Exercise brief:
Copy out exactly the lines from the one with "Żłób dla królików, ochrona" through the last line of the listing below, both included, but none of the pictures.

(Dataset excerpt begins)

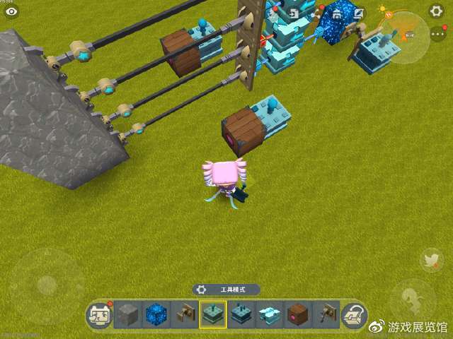 安装好这些机械后,玩家需要将这些机械的电路组合起来,从而让它们产生联动。方法很简单,玩家只需要在信号发生器的范围内放下一个频道为1的信号接收器,再在它前方放置一个抓着电石块(2号电石块)的机械臂。此外,在机械臂的运动轨迹上,玩家还需要依次挨着电石块放下一个频道为3的信号发生器和一个频道为2的信号发生器。
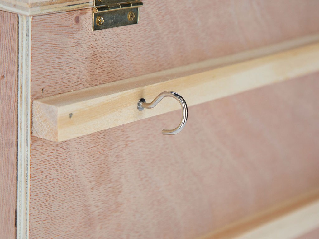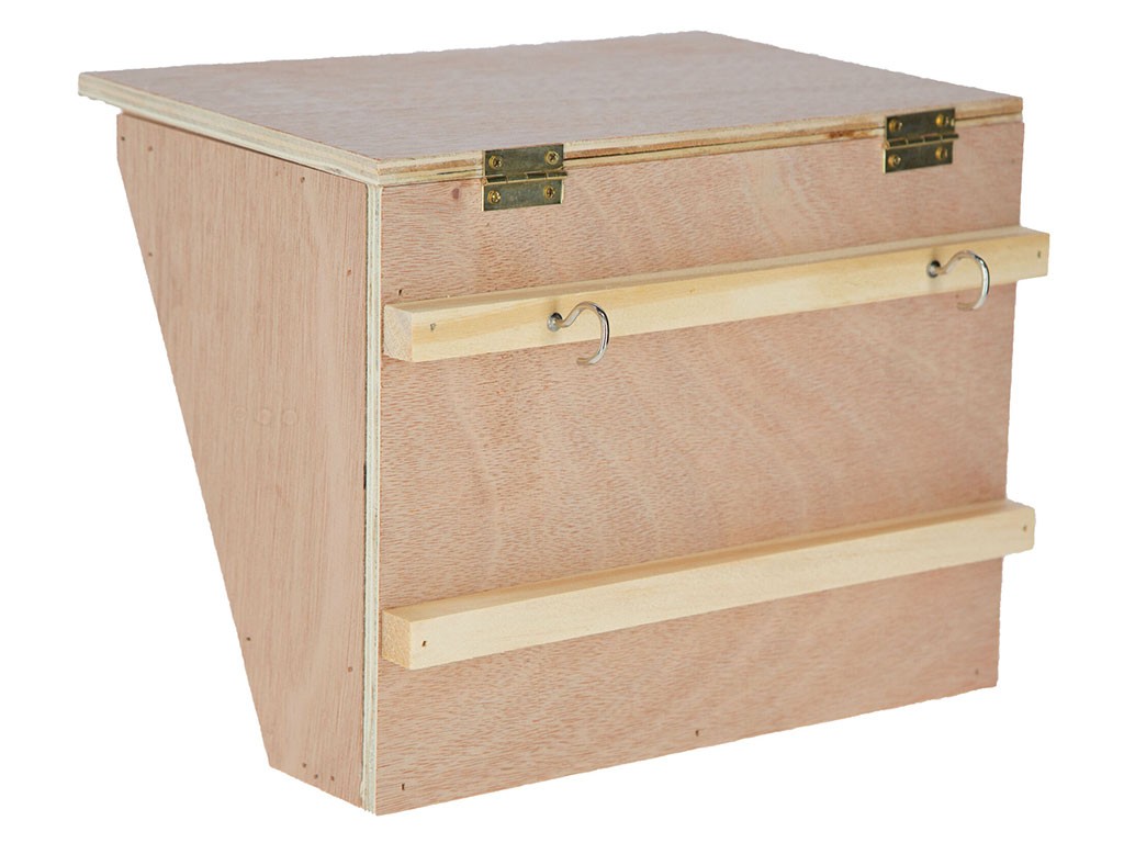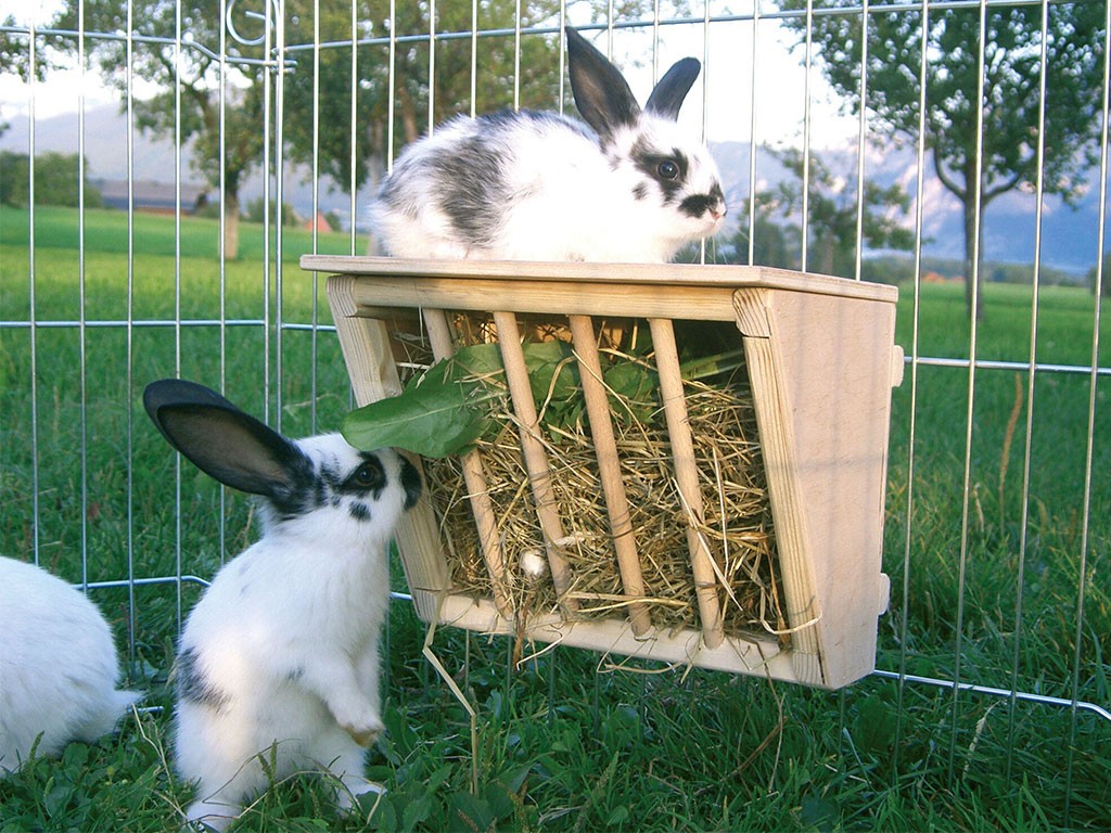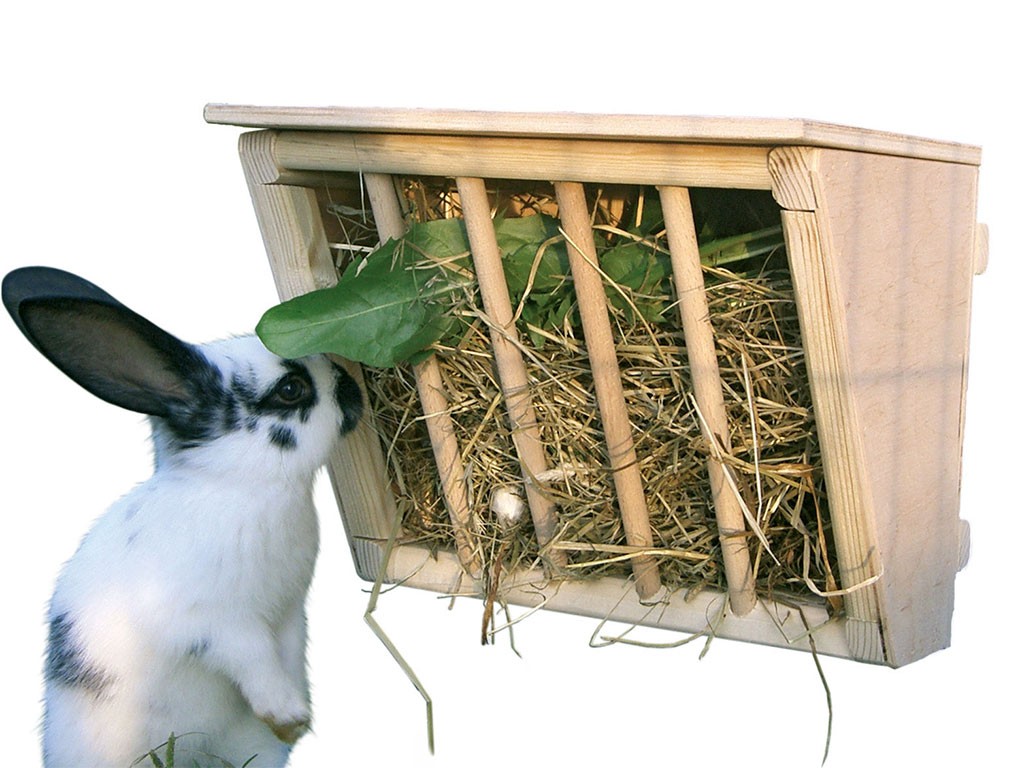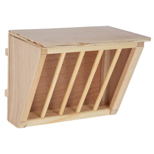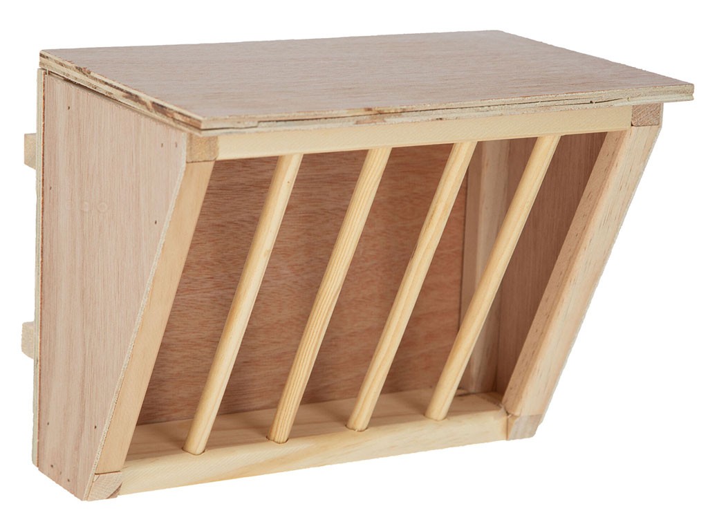 Żłób dla królików, ochrona przed zanieczyszczeniem paszy , wykonany z wysokiej jakości drewna, łatwy montaż za pomocą 2 haków , wymiary 25x17x20 cm.
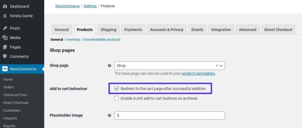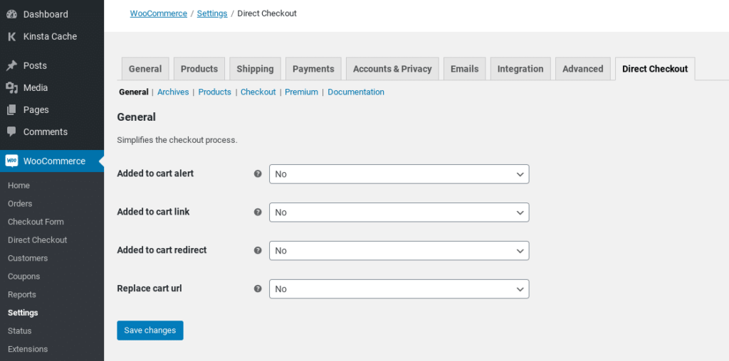 在General选项卡下, 为已Added to cart redirect选项选择Yes,然后从Added to cart redirect to下拉菜单中选择Checkout。完成后单击保存更改 。
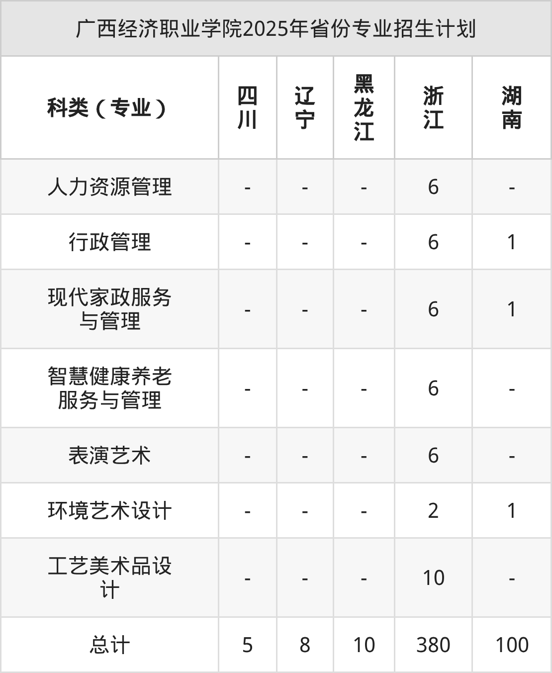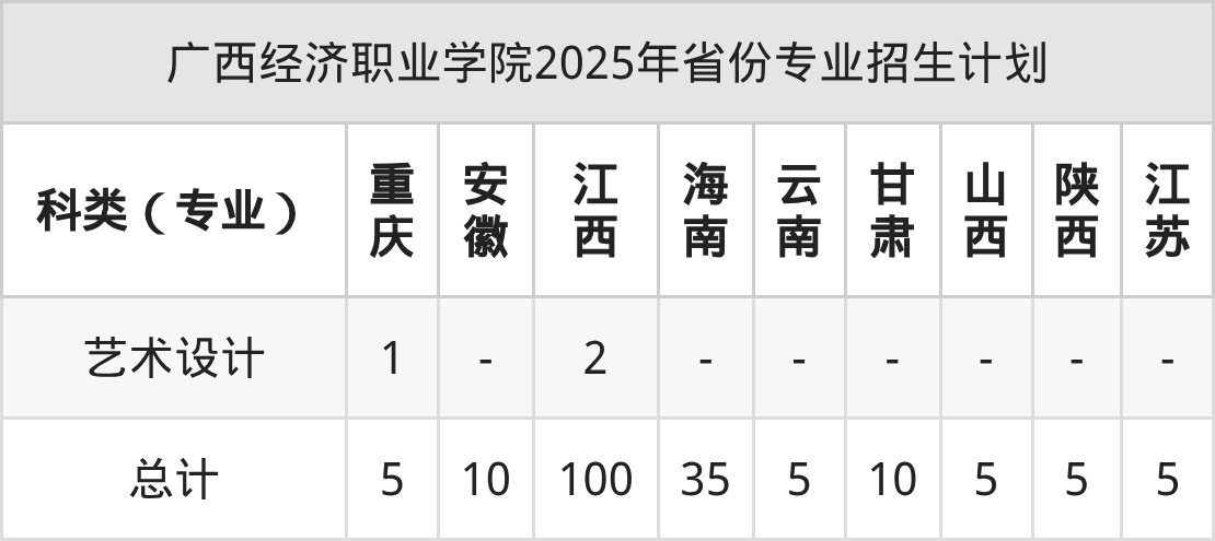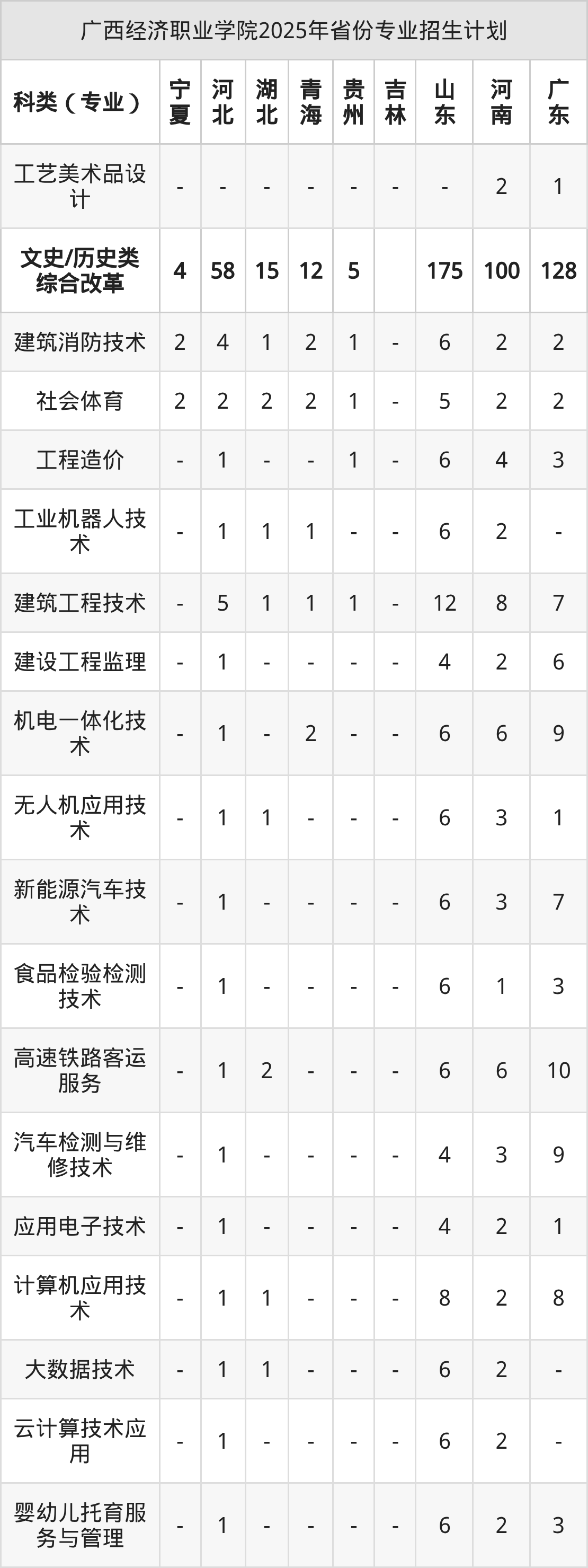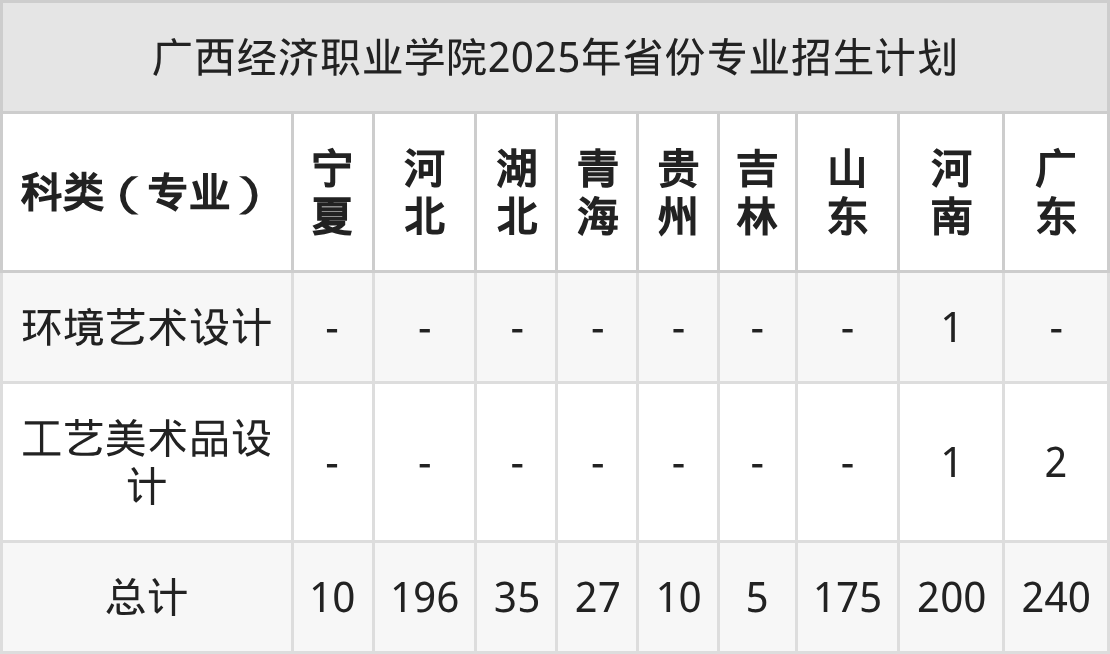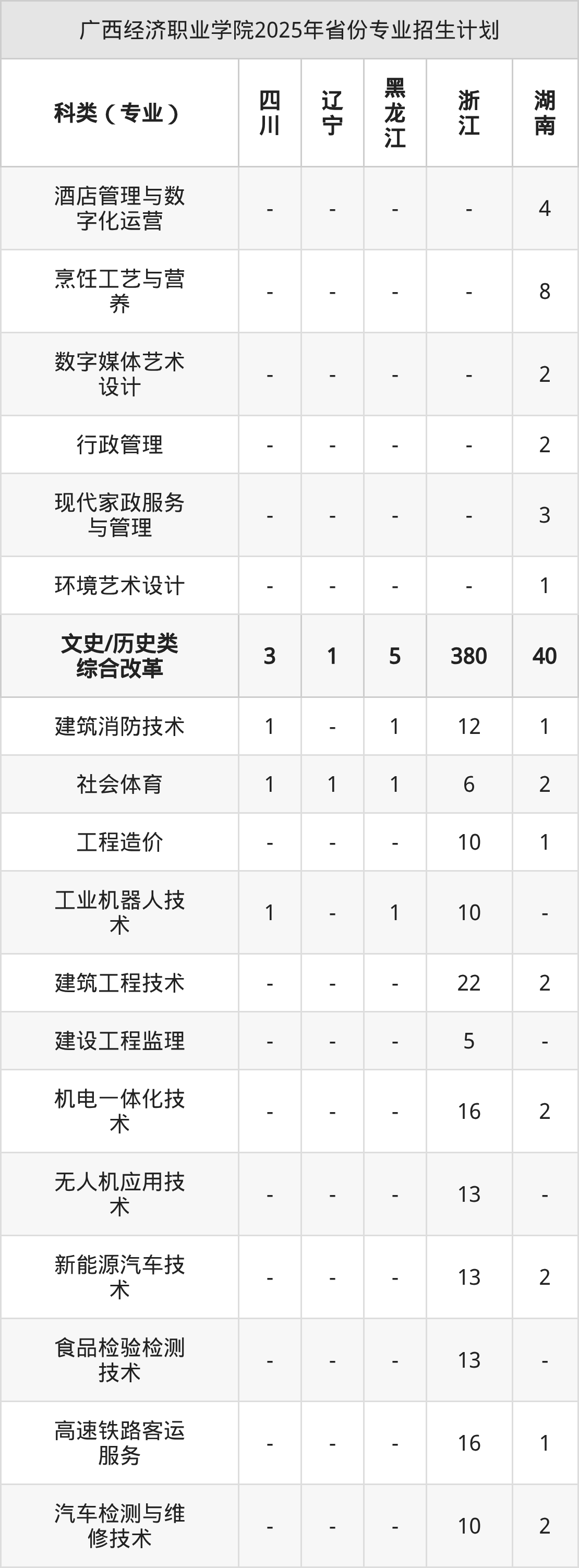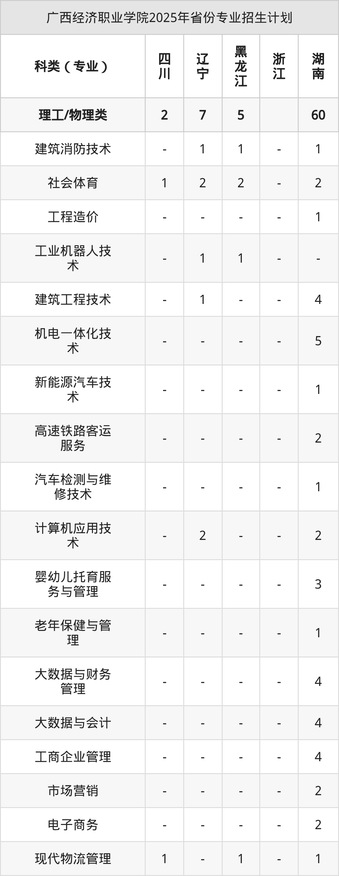 2026年广西经济职业学院专科招生计划待公布,下面附上2025年数据,暂供参考:

(Dataset excerpt ends)

Expected answer:
 Żłób dla królików, ochrona przed zanieczyszczeniem paszy , wykonany z wysokiej jakości drewna, łatwy montaż za pomocą 2 haków , wymiary 25x17x20 cm.
 在General选项卡下, 为已Added to cart redirect选项选择Yes,然后从Added to cart redirect to下拉菜单中选择Checkout。完成后单击保存更改 。
 2026年广西经济职业学院专科招生计划待公布,下面附上2025年数据,暂供参考:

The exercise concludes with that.